The rows in your dataset are aligned with subjects (also called records or cases) in your data. Subjects in your dataset may be students, teachers, schools, locations, and so forth. The unique subject identifier variable mentioned in Section 3.1.1, will denote which row belongs to which subject.

3.1.3 Cells

The cells are the observations associated with each case in your data. Cells are made up of key/value pairs, created at the intersection of a column and a row (see Figure 3.2). Consider an example where we collect a survey (also called a questionnaire) from students.
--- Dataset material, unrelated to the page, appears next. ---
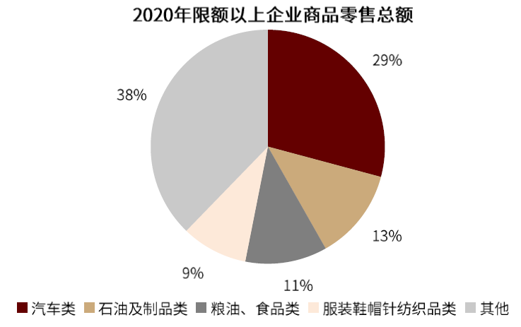 疫情之后,以餐饮为代表的线下服务消费受到持续压制。而餐饮收入占限额以下消费的12.6%,比占限额以上企业的比重高约7个百分点,拖累限额以下消费修复。与此同时,汽车类消费占限额以上消费约30%,疫情后在货币宽松、购车补助等政策提振下,汽车消费对限额以上消费形成支撑。此外,限额以上零售企业规模大、线上渠道发达,在线下商品消费向线上转移过程中也是更为受益的。
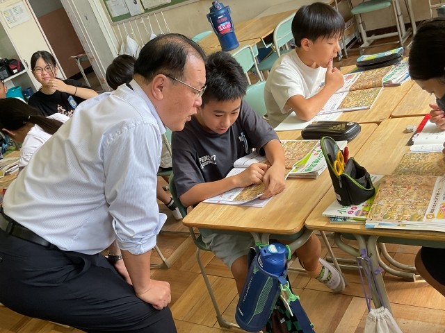 6年生は、社会科「戦国の世から天下統一へ」の学習を校長先生に教えていただきました。今回は単元の導入部分として、戦国時代の様子や武将たちの活躍について学びました。校長先生のお話に盛り込まれたたくさんの知識に、子どもたちはぐんぐん引き込まれていきました。

In this dataset, each row is made up of a unique student in our study, each column is an item from the survey, and each cell contains a value that corresponds to that row/column pair (i.e., that participant and that question).

Representation of a cell value.

Figure 3.2: Representation of a cell value.

3.2 Dataset organization rules

In order for your dataset to be machine-readable and analyzable, it should adhere to a set of organizational rules (Broman and Woo 2018; Wickham 2014).

  1. The first rule is that data should make a rectangle (Figure 3.3). The first row of your data should be your variable names (only use one row for this). The remaining data should be made up of values in cells.
A comparison of non-rectangular and rectangular data.

Figure 3.3: A comparison of non-rectangular and rectangular data.

  1. Column values should be consistent (Figure 3.4). Both humans and machines have difficulty categorizing information that is not measured, coded, or formatted consistently.
    • For text categorical values, use controlled vocabularies and keep consistent spelling, case, and spacing.
    • For date values, keep the format consistent.
    • For numeric values, measure in consistent units and keep consistent decimal places.
A comparison of inconsistent and uniform variable values.

Figure 3.4: A comparison of inconsistent and uniform variable values.

  1. Columns should adhere to your expected variable type (Figure 3.5).
    • For example, if you have a numeric variable, such as age, but you add a cell value that is text, your variable no longer adheres to your variable type. Machines will now read this variable type as character.
A comparison of variables adhering and not adhering to a data type.

Figure 3.5: A comparison of variables adhering and not adhering to a data type.

  1. A variable should only collect one piece of information (Figure 3.6). This allows you to more easily work with your variables.
    • For example, rather than combining the number of incidents and the number of enrolled students in the same variable, separate this information into two variables. This allows you to aggregate information as needed (e.g., calculate an incident rate).
A comparison of two things being measured in one variable and two things being measured across two variables.

Figure 3.6: A comparison of two things being measured in one variable and two things being measured across two variables.

  1. All cell values should be explicit (Figure 3.7). This means all cells that are not missing values should be filled with a value.
    • Consider why a cell value is empty
      • If a value is actually missing, you can either leave those cells blank or fill them with your pre-determined missing values (e.g., -99). See Section 9.5.1 for ideas on coding missing values.
      • If a cell is left empty because it is implied to be the same value as above, the cells should be filled with the actual data.
      • If an empty cell is implied to be 0, fill the cells with an actual 0.
A comparison of variables with empty cells and variables with not empty cells.

Figure 3.7: A comparison of variables with empty cells and variables with not empty cells.

  1. All variables should be explicit (Figure 3.8). No variables should be implied using color coding.
    • If you want to indicate information, add an indicator variable to do this rather than cell coloring.
A comparison of information being indicated through cell color and information being provided in an indicator variable.

Figure 3.8: A comparison of information being indicated through cell color and information being provided in an indicator variable.